What you should do >>
Your copy starts at the line containing "The Neurodyn Evolution" and ends at the last line of the material below. Reproduce those lines exactly, with no pictures.

Supplied material >>
=-=-=
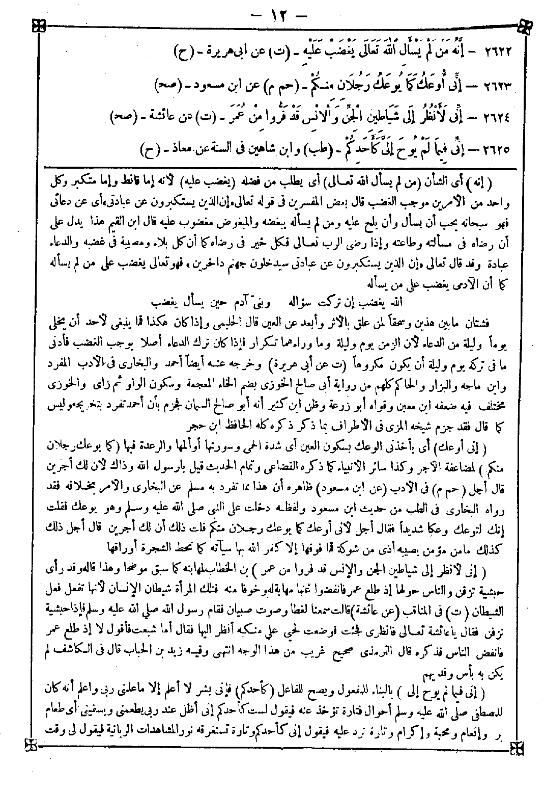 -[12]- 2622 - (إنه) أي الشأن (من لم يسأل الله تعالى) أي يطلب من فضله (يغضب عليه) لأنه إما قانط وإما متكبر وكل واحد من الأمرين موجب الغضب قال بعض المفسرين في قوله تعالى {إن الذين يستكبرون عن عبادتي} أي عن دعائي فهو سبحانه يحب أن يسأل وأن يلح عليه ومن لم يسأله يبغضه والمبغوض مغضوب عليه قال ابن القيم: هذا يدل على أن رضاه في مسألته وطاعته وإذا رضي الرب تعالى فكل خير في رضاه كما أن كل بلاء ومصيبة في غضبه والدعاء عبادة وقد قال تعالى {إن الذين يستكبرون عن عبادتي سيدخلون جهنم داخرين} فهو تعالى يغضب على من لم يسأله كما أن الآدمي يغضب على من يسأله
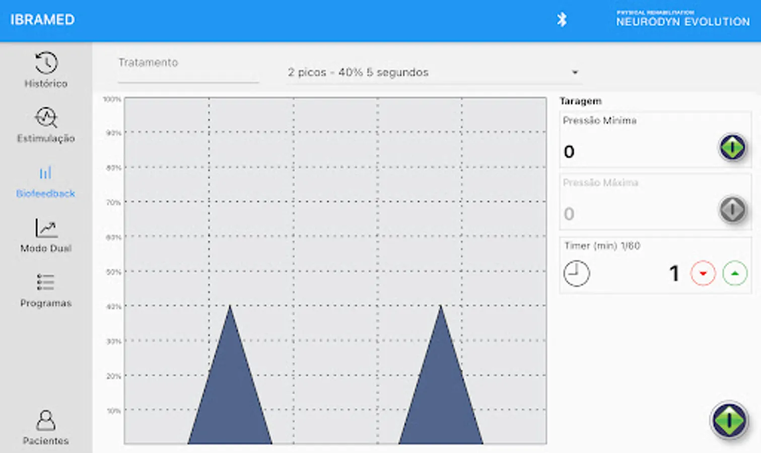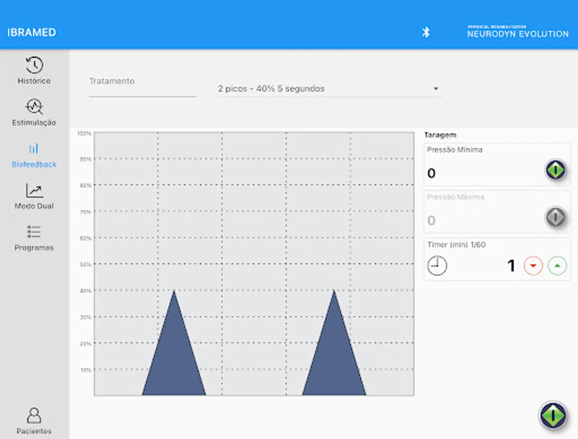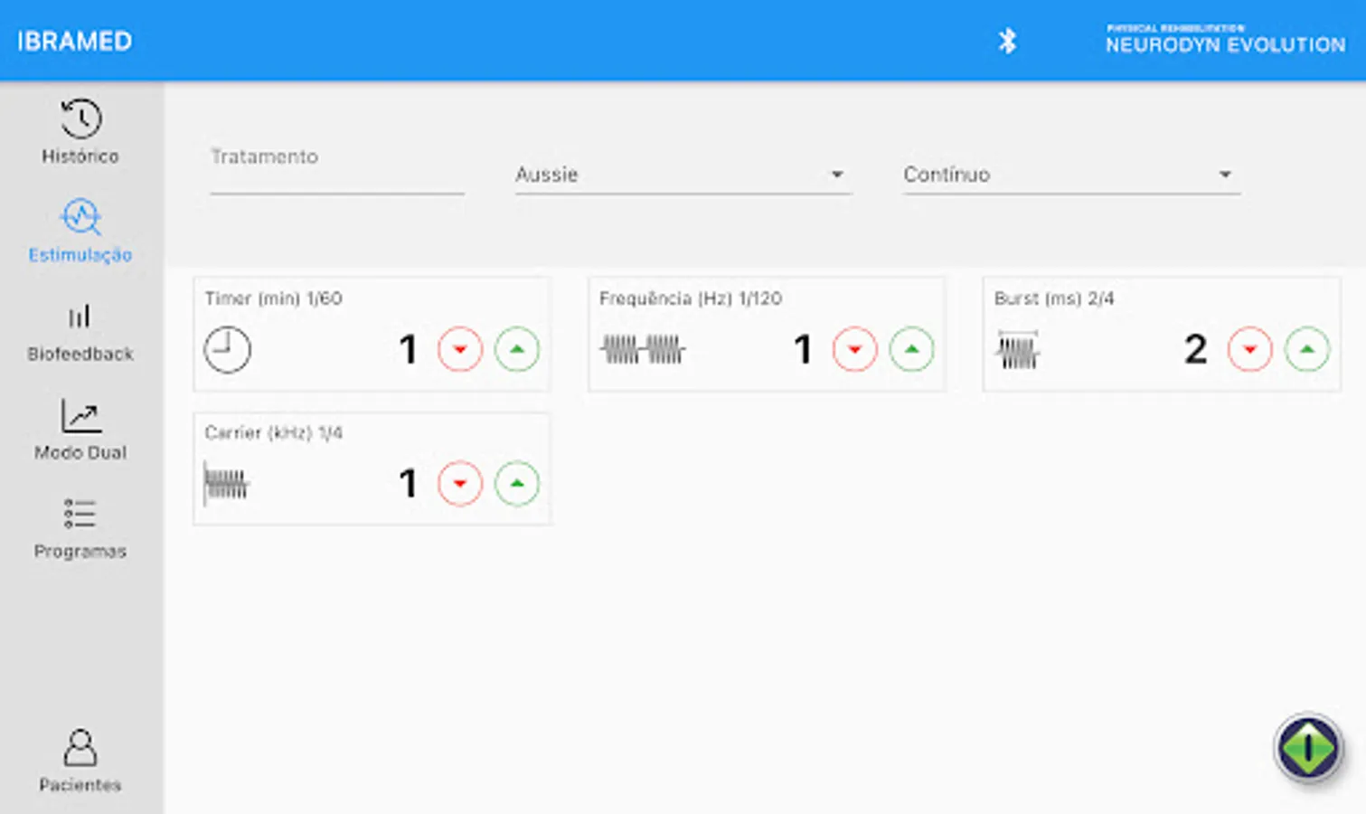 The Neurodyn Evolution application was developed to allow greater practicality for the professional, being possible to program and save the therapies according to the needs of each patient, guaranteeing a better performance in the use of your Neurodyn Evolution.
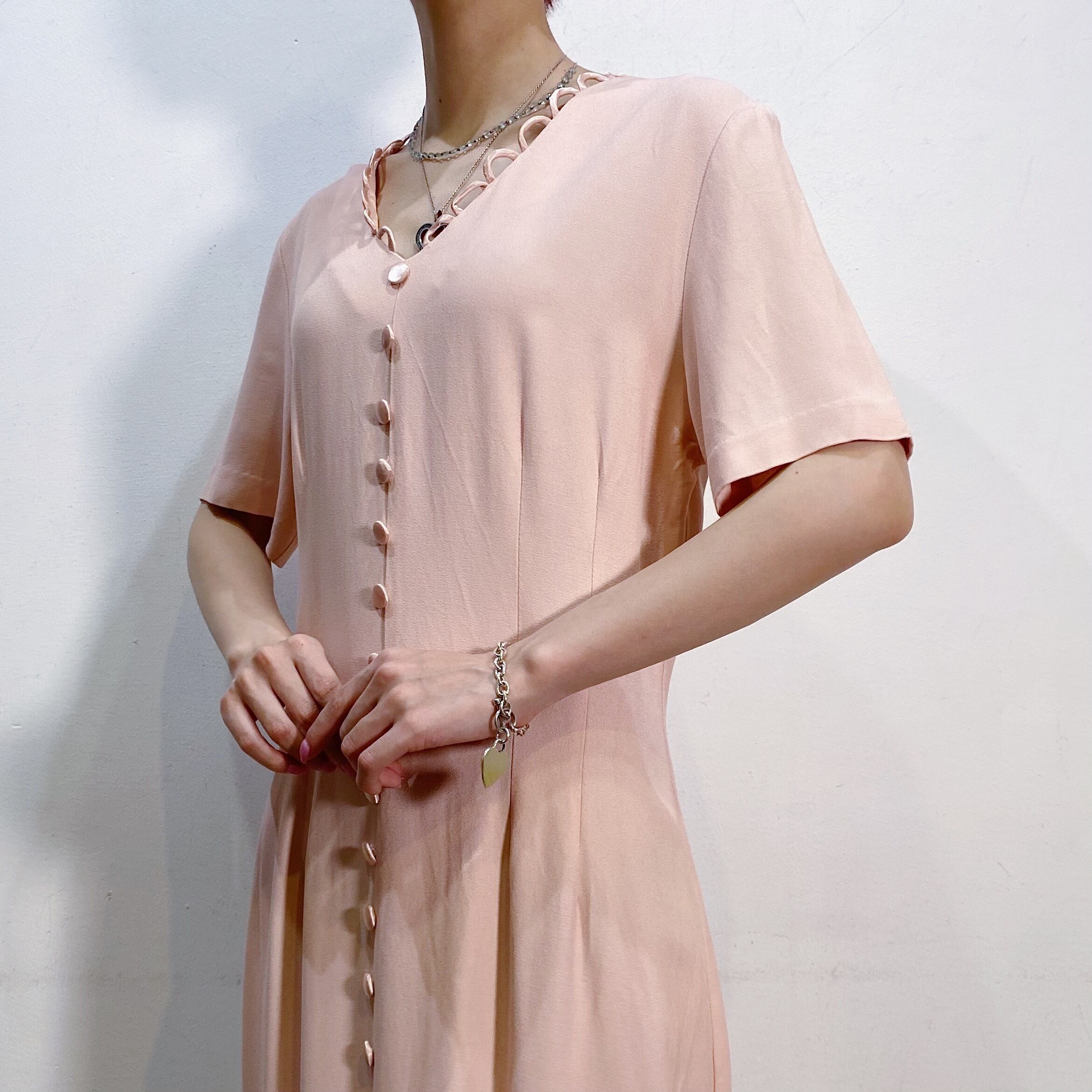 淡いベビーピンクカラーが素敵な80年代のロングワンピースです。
=-=-=
Output below >>
 The Neurodyn Evolution application was developed to allow greater practicality for the professional, being possible to program and save the therapies according to the needs of each patient, guaranteeing a better performance in the use of your Neurodyn Evolution.
 淡いベビーピンクカラーが素敵な80年代のロングワンピースです。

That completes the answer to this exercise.